ASSIGNED TASK: Scan the entries below for the word "tudi", then copy each line that holds it.

Dataset entries:
"""

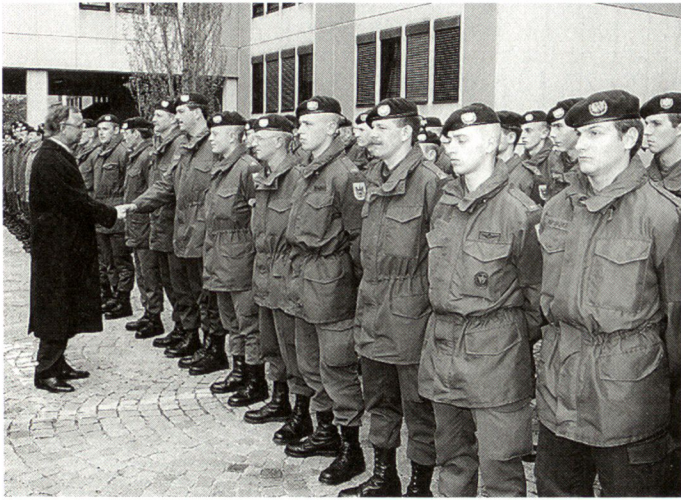
Verabschiedung des Österreichkontingents nach Albanien.

Weise sollen möglichst wenig konfliktauslösende Momente geschaffen werden. Derzeit übernimmt die Schutztruppe nur die Sicherung von humanitären Transporten, Lebensmittellieferungen und einigen Verkehrsrouten.
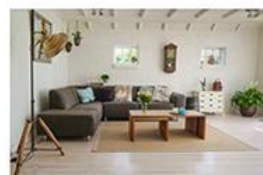
6. Un salon

L'activité comprend cinq étapes, dont la première se fait individuellement. Pour ce qui est des étapes subséquentes, elles se déroulent en équipe de trois, et les équipes changent à chaque étape.
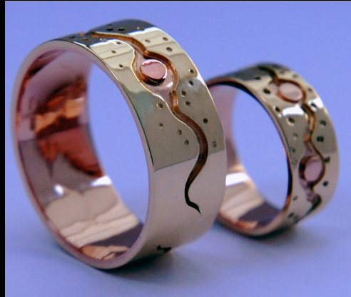
“Een Rivier Stroomt Door Ons Hart”
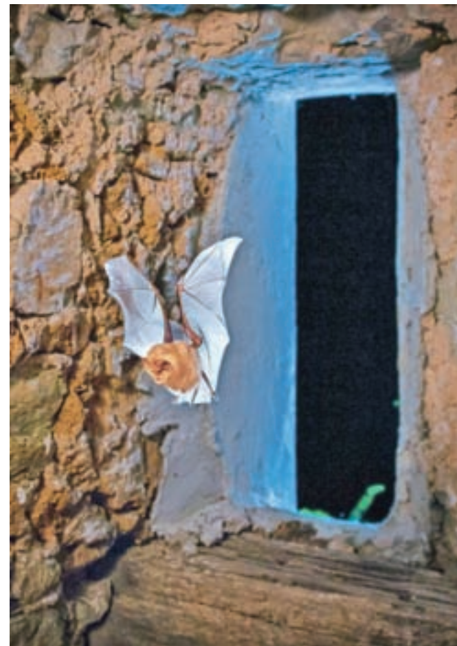
Netopirji naseljujejo tudi številne objekte kulturne dediščine.

Kot pojasnjujeta Presetnik in Zamolova, je miroljubno sobivanje netopirjev in človeka mogoče, pripravne rešitve pa zelo poceni. Podest iz desk nad zvonovi denimo prepreči onesnaževanja z netopirskimi iztrebki – gvanom, dele stavb, ki jih netopirji navadno ne uporabljajo, pa lahko zastremo. Ob prenovah stavb pa se je treba posvetovati tudi s strokovnjaki za ohranjanje narave, ki bodo skupaj z upravljavci
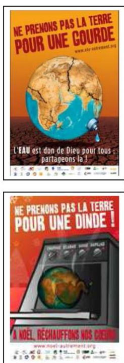
Image 1 : Campagne « Vivre Autrement » pilotée par Pax Christi France, Affiches de l'été et Noël 2009 (Source : site de Pax Christi France : http://www.paxchristi.ccf.fr/v2/campagne-vivre-autrement/ ).

"""

EXPECTED ANSWER:
Netopirji naseljujejo tudi številne objekte kulturne dediščine.
Kot pojasnjujeta Presetnik in Zamolova, je miroljubno sobivanje netopirjev in človeka mogoče, pripravne rešitve pa zelo poceni. Podest iz desk nad zvonovi denimo prepreči onesnaževanja z netopirskimi iztrebki – gvanom, dele stavb, ki jih netopirji navadno ne uporabljajo, pa lahko zastremo. Ob prenovah stavb pa se je treba posvetovati tudi s strokovnjaki za ohranjanje narave, ki bodo skupaj z upravljavci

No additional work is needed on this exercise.